= Data block =
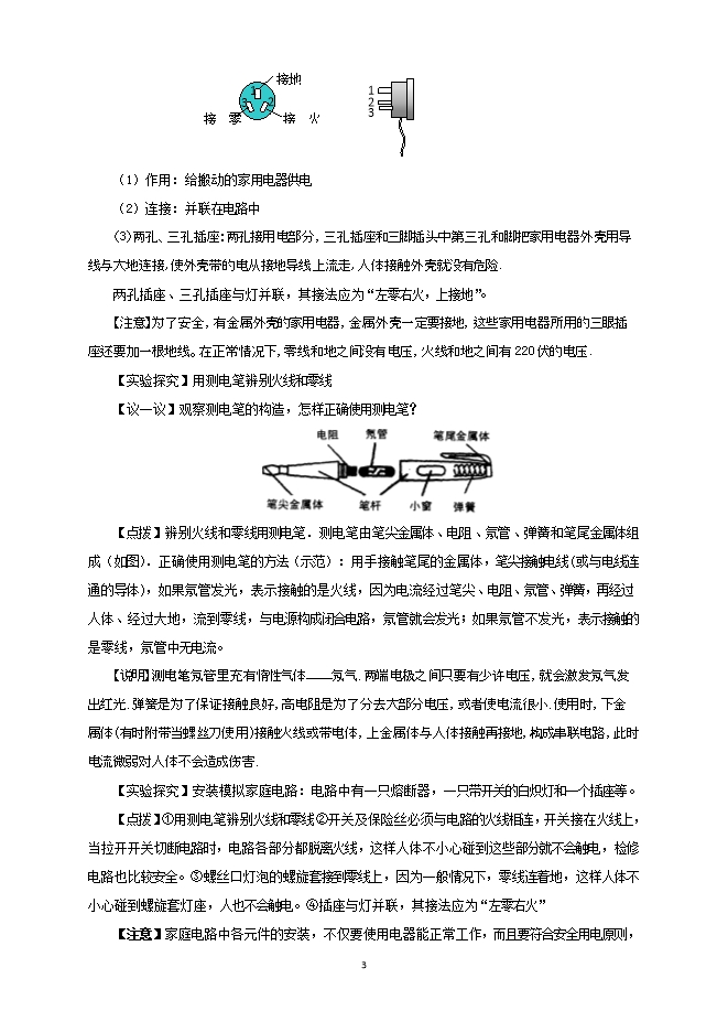 组织学生观察、分析、归纳出家庭电路中各部分的功能.理解家用电器接地的作用。
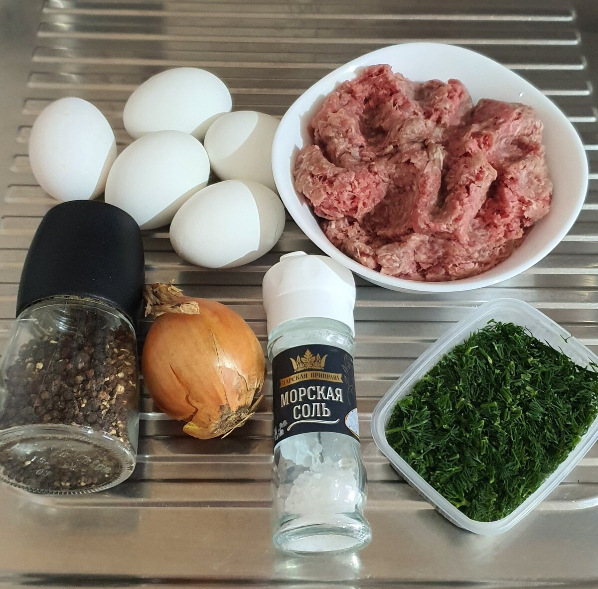 С этим рецептом меня познакомила Елена. Блогер, у которого вы встретите очень много интересных и новых для себя рецептов. Я очень часто делаю мясные зразы и рулеты с яйцом, это всегда сытно и просто. Это блюдо покоряет не только простотой приготовления, но и необычным внешним видом. Как я уже писала выше, я немного изменила рецепт под свои вкусы, а с оригинальной версией этих котлет можно познакомится в блоге Елены. Ингредиенты: Для котлет: - фарш 500 грамм ( у меня свино-говяжий, но думаю подойдет любой, из мяса или птицы) - яйцо куриное 5 штук - лук репчатый 1 средняя луковица - соль, черный молотый перец и зелень по вкусу Для соуса: - сметана 150 грамм - томатная паста 1 столовая ложка - чеснок 1-2 зубчика - сыр твердый 50 грамм 4 яйца сварить вкрутую, очистить и разрезать вдоль на половинки. Лук очистить и нарезать мелким кубиком, натереть на терке или измельчить в чаше блендера. Зелень промыть, высушить и мелко нарезать. В миске соединить фарш, лук, зелень и 1 сыро
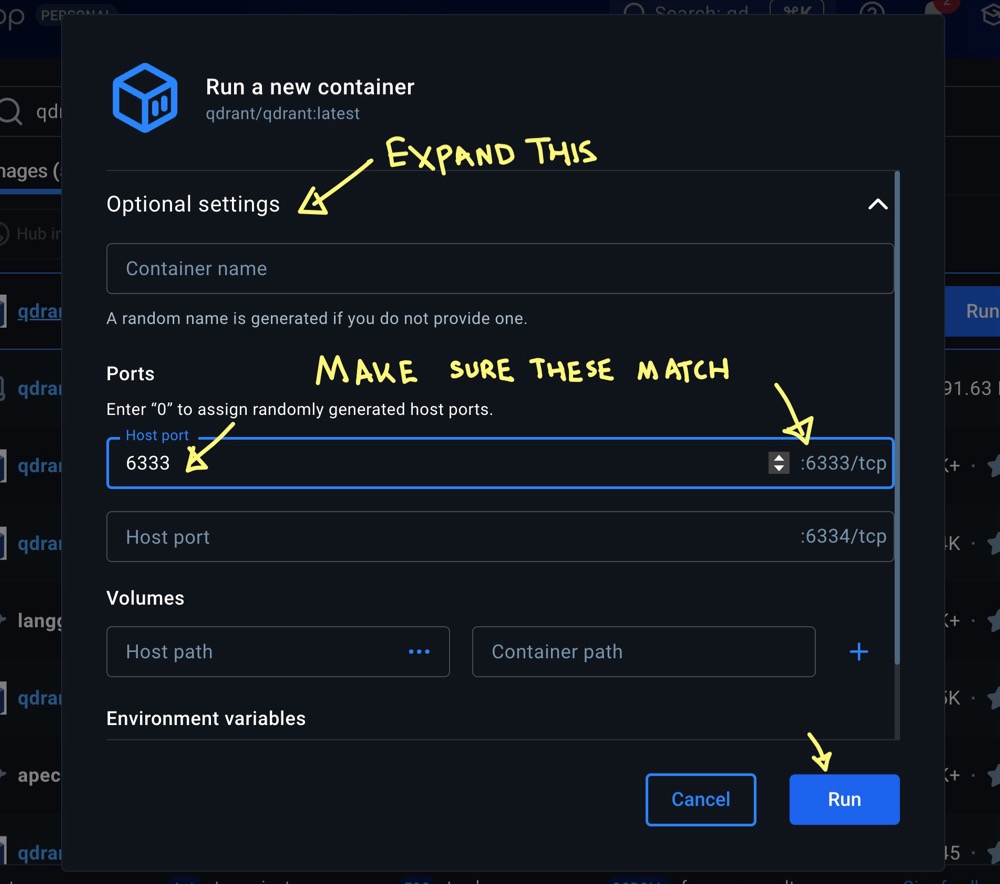 When you hit Run, in the pop-up, select “Optional settings” and make sure the port numbers match. You’ll need to copy the number from the right and paste it into the “host port” field. You can optionally give the container a name. Then hit Run again.

= Exercise brief =
This exercise calls for the complete listing, returned exactly and without images.

= Written solution =
 组织学生观察、分析、归纳出家庭电路中各部分的功能.理解家用电器接地的作用。
 С этим рецептом меня познакомила Елена. Блогер, у которого вы встретите очень много интересных и новых для себя рецептов. Я очень часто делаю мясные зразы и рулеты с яйцом, это всегда сытно и просто. Это блюдо покоряет не только простотой приготовления, но и необычным внешним видом. Как я уже писала выше, я немного изменила рецепт под свои вкусы, а с оригинальной версией этих котлет можно познакомится в блоге Елены. Ингредиенты: Для котлет: - фарш 500 грамм ( у меня свино-говяжий, но думаю подойдет любой, из мяса или птицы) - яйцо куриное 5 штук - лук репчатый 1 средняя луковица - соль, черный молотый перец и зелень по вкусу Для соуса: - сметана 150 грамм - томатная паста 1 столовая ложка - чеснок 1-2 зубчика - сыр твердый 50 грамм 4 яйца сварить вкрутую, очистить и разрезать вдоль на половинки. Лук очистить и нарезать мелким кубиком, натереть на терке или измельчить в чаше блендера. Зелень промыть, высушить и мелко нарезать. В миске соединить фарш, лук, зелень и 1 сыро
 When you hit Run, in the pop-up, select “Optional settings” and make sure the port numbers match. You’ll need to copy the number from the right and paste it into the “host port” field. You can optionally give the container a name. Then hit Run again.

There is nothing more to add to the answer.